Allosteric dynamic control of binding

Fidan Sumbul 1,2, Saliha Ece Acuner-Ozbabacan 1,2, Turkan Haliloglu1,*

1Department of Chemical Engineering and Polymer Research Center, Bogazici University,

Istanbul, Turkey 2These authors contributed equally to this work

Correspondence:

* Turkan Haliloglu (halilogt@boun.edu.tr)

SUPPORTING MATERIAL

MATERIALS AND METHODS

SKEMPI dataset analysis

The identity of the mutant residue is immaterial on the decision of whether a mutation is at a

hinge region or not. We thus eliminate the redundant mutations in the SKEMPI database, where

a residue in a chain is mutated into several different residues. The dataset containing 2007

mutations in 108 chains of 81 PDB structures is split into two as non-redundant (907) and

redundant (1100) entries, and a representative mutation is chosen for latter. The first criterion for

a representative entry is whether the wild type residue is mutated into Alanine, regardless of the

amount of binding free energy change. If none of the redundant entries are mutated into Alanine,

then the mutation with the highest change in the binding free energy is chosen (among the

mutations of the wild type residue into chemically similar ones, if possible).

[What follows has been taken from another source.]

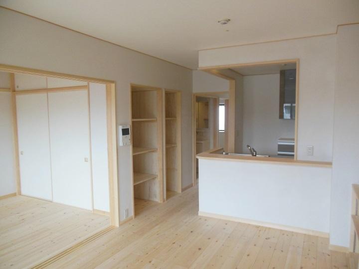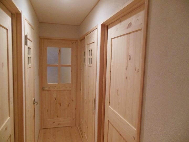 床板・窓枠・建具・棚板等、すべて赤松材。

In the Fisher’s exact test, the contingency table is composed of four elements: the numbers of

mutations corresponding to “hinge” and “non-hinge” residues below and above the threshold.

The initial null hypothesis is a balanced “hinge”/”non-hinge” ratio below and above the

threshold. If a p-value is less than or equal to 0.05 (confidence level of 95%), then a statistically

significant difference in “hinge”/”non-hinge” preference of mutations below and above the

threshold is obtained rejecting the initial null hypothesis. In other words, the probability of

observing an imbalanced “hinge”/”non-hinge” preference of mutations by chance is less than

5%. Lastly, the preferences of significant cases are evaluated as either “hinge” or “non-hinge” by

comparing the number of occurrences in the contingency table with the total number of

mutations below and above that threshold.

Additionally, the statistical dataset analysis is applied to Alanine mutations as a separate case, to

eliminate any impact of the mutant residue type on the binding free energy change with respect

to the correspondence to hinge/nearby residues.

MD trajectory analyses

RMSD (Root Mean Square Deviation). Minimized structures are used as references and

RMSD of MD sampled conformations are calculated using VMD 1.9.1 (1). RMSD profiles are

used to for the convergence within the time window of MD simulations performed.

Dihedral angles. An in-house script in VMD 1.9.1 (1) is used to calculate backbone

rotational/dihedral angles. In order to determine the divergence of distributions of backbone

dihedral angles, multiple Gaussians (according to the number of clusters) are fitted to the data

and then Jensen-Shannon divergence between the fitted models are calculated (2).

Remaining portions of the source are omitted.